We Must Teach the Concepts, Dept.
517th edition
For those of you have read Traditional Math, or even just glanced at the lesson re-creations in the 7th and 8th grade parts of the book, "concepts" are taught in tandem with the procedure. That is, I provide a context for what the procedure is doing mathematically; e.g., a diagram of how many 3/4 inch pieces of ribbon go into a 12 inch piece, to illustrate why this is equivalent to 12 x 4/3. Or I show that the equation 2/3 = 4/6 when multiplied by a common denominator of 18 is equivalent to 6 x 2 = 4 x 3, which is also equivalent to what one obtains when cross-multiplying. (See pp 213-214 of Traditional Math.)
“Conceptual understanding” in early stages of learning is more like “contextual understanding” which provides the context for what the procedure is doing mathematically. Such explanations then lead naturally into the procedure. I don't obsess over the conceptual part, knowing that the students are thinking “OK, just show me where this is going and what I have to do to solve the problems for homework”. Most teachers do this, though there are plenty who feel obligated to spend a lot of time on teaching the concepts, and when students ask “We get it; can we move on?” they respond “Yes, but do you really get it?”, before spending even more time on it.
The textbooks they are given to use will have students drawing pictures and using convoluted ways to solve problems without using “cross multiplication” or whatever standard algorithm/procedure would work best.
What concepts are in the early grades, when students do not have a lot of information at hand, is the acquisition of procedures that over time can coalesce into a broader and more general and abstract understanding. For example, the concept of division is summarized as a/b = a*1/b where b does not equal 0, and a,b are in R (as in reals). Students can understand that probably by algebra 2 (although it is presented in Dolciani’s Algebra 1 book).
Students at that point are more capable of understanding this abstract explanation of division and how it explains why we invert and multiply when dividing fractions. This is because by then, they have mastered the procedures of fraction multiplication which leads to the understanding that a/b * b/a = 1, which then leads to the understanding that 1/(a/b) = b/a. The understanding comes with experience, practice and instruction of the procedures just mentioned that lead up to it.

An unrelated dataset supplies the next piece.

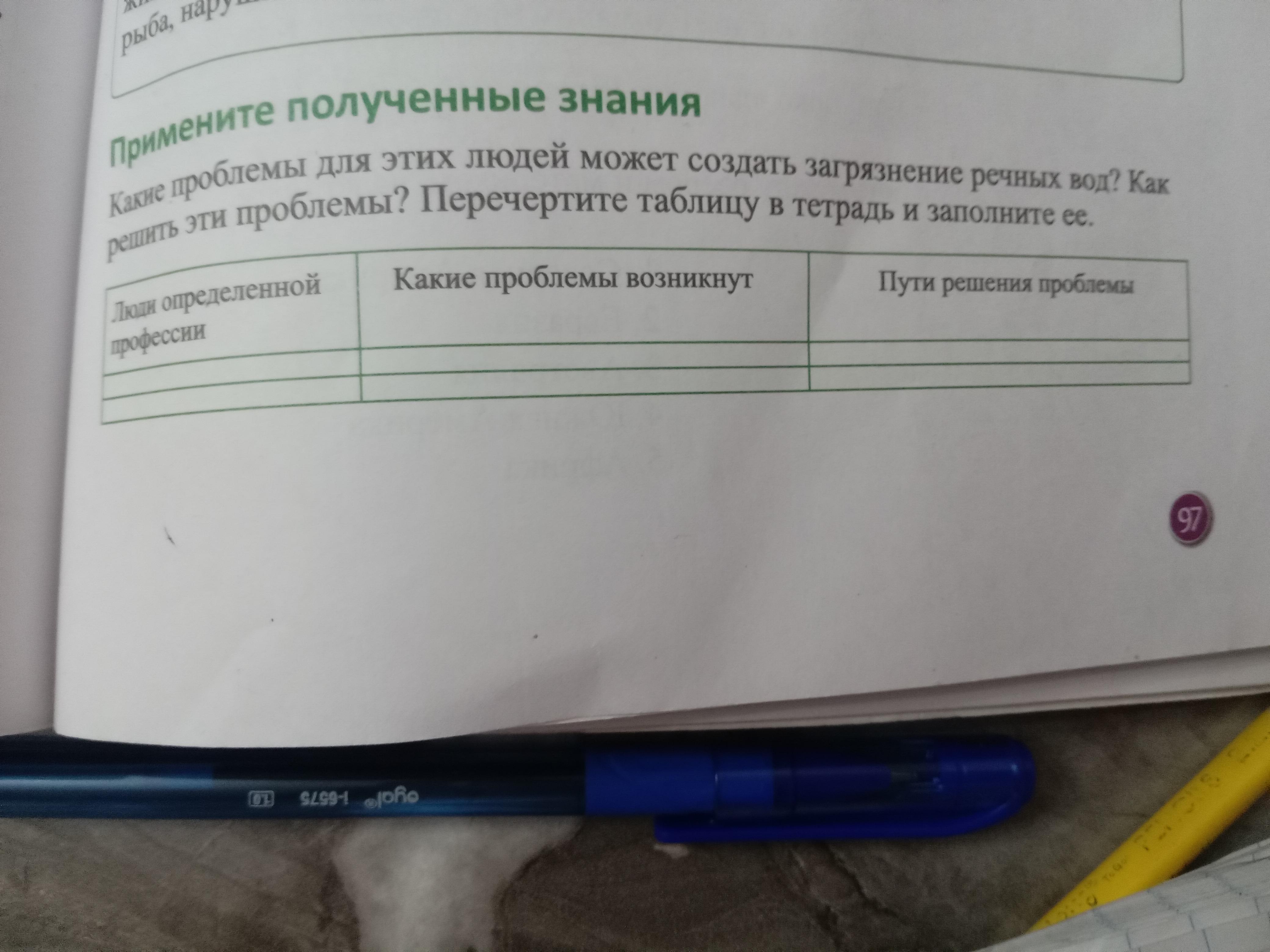 Какие проблемы для этих людей может создать загрязнение речных вод? Как решить эти проблемы? Перечертите таблицу в тетрадь и заполните её.

It is not as if we are teaching procedures in a vacuum, saying “Just do this when you want to solve problems like these.” When I explain what I just did above to those steeped in the math reform edict that “students must be taught the concepts or they will die”, I often hear: "Of course! We're both saying the same things."
Except that we’re not, but that gets into “nuance” which I don’t want to talk about.
No concessions should be made to reformers—conceptual understanding has no place in the discipline. The key difference between traditional and progressive approaches is that the former is fact-based, while the latter is concept-based. Facts provide the solid foundation for understanding.
An analogy: think of knowledge as a raster image, where pixels represent facts. If the image is low-resolution or incomplete, understanding comes from acquiring more pixels, not by guessing the missing parts. Guesswork, like in whole language reading approaches, is not a valid path to knowledge.